According to ING; “Our economics team’s estimates are aligned with consensus for a 0.3% month-on-month core print, but we think the risks are skewed more towards a 0.2% than a 0.4% print. Accordingly, there are some downside risks for dollar, even though our base case is for a consensus print to leave few marks on the FX market.”

ING also looked at other data releases this week to trigger a reaction; “A weak retail sales print on Thursday may revamp expectations for a May rate cut, and take the dollar lower.”

It added; “That said, evidence for the jobs market and the lack of faster disinflation should still be enough to discourage aggressive dollar selling.”

There are very important UK data releases this week with the labour-market data on Tuesday, CPI inflation data Wednesday and GDP data Thursday.

According to Scotiabank; “It may be a bumpy ride for the pound this week.”

Bank of England expectations will be a key element, especially given the importance of carry trades in global markets.

While UK interest rates remain at elevated levels, there will be interest in buying the Pound against low-yield currencies.

XTB research director Kathleen Brooks commented; "Sterling is very much benefitting from carry.

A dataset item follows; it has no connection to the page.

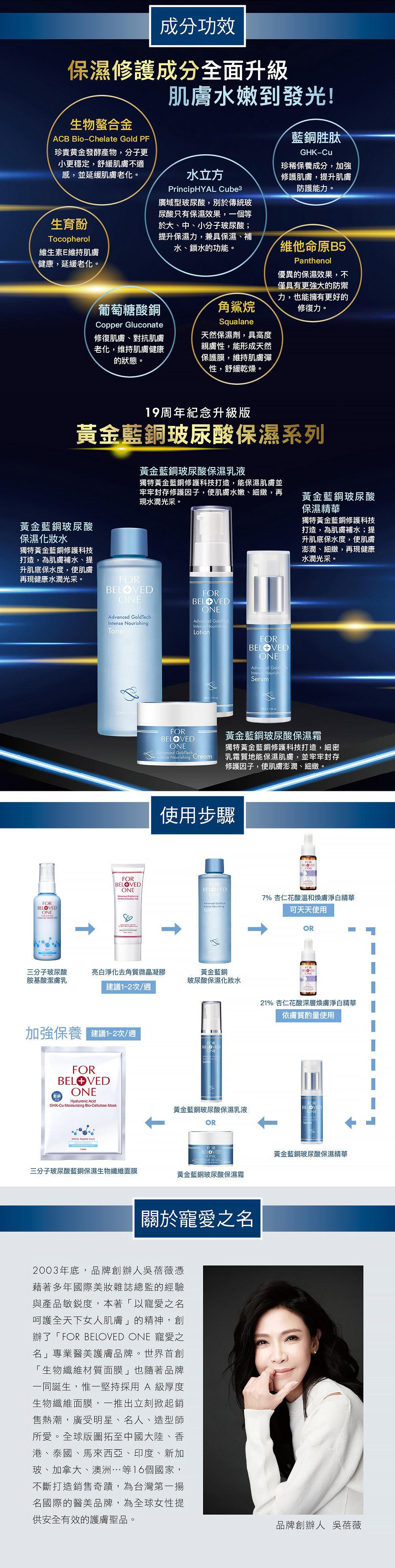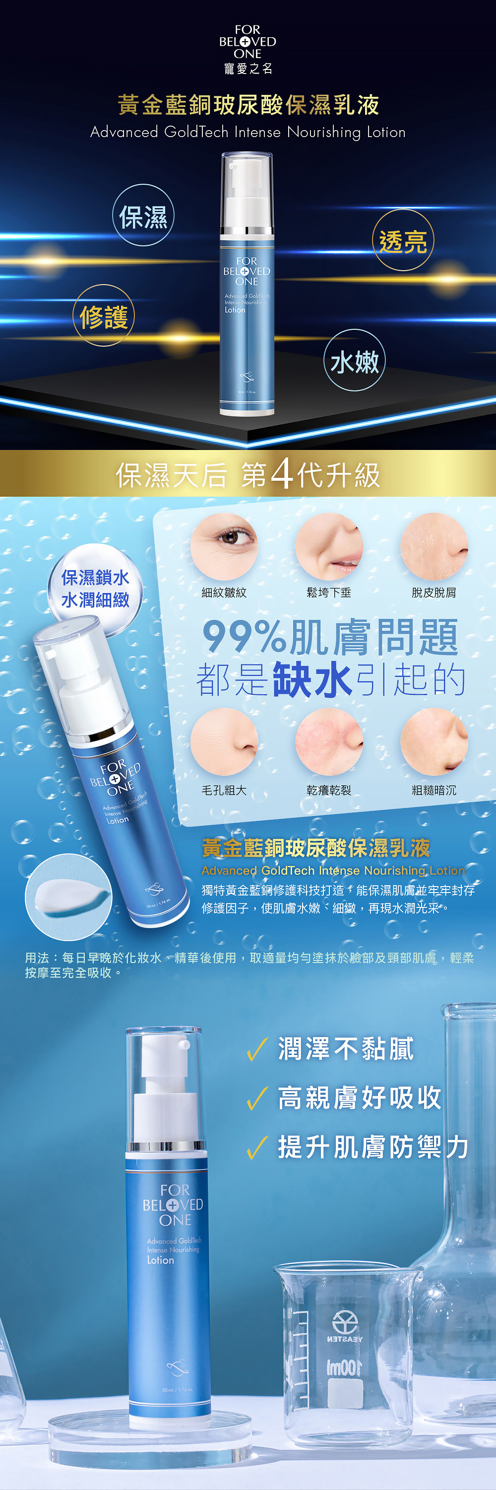 ①獨特黃金藍銅修護科技打造,能保濕肌膚並牢牢封存修護因子。

It's one of the best-performing carry trades in the G10 because our interest rates are expected to stay higher for longer."

The Pound will not benefit directly against the dollar given the high level of US interest rates, but there will be underlying Pound support, especially if volatility stays low.

According to Bank of America (BoA); “We continue expect the BoE on hold at 5.25% until Aug-24 and a cutting cycle of 25bp per quarter from there. The UK will be the last of the major central banks to start the cutting cycle.”

BoA currency strategist Kamal Sharma maintains a positive stance on the Pound; "With one of the highest policy rates in G10 and our expectation that the Bank of England will be the slowest to normalize policy, theory tells us that this should be fertile ground for FX outperformance."

According to Monex’s Harvey; "Net, we think the data will be negative for sterling, a lot of the headlines will be around recession, and the uptick in inflation pressures."

Rabobank sees potential vulnerability; “surveys suggests that the release of the UK Q4 GDP number later in the week could confirm a technical recession for the economy in the latter part of last year.”

Rabobank is also doubtful that a higher-than-expected inflation print would support the Pound.

The bank added that the number of long Pound positions leaves the currency vulnerable to profit-taking in long GBP positions.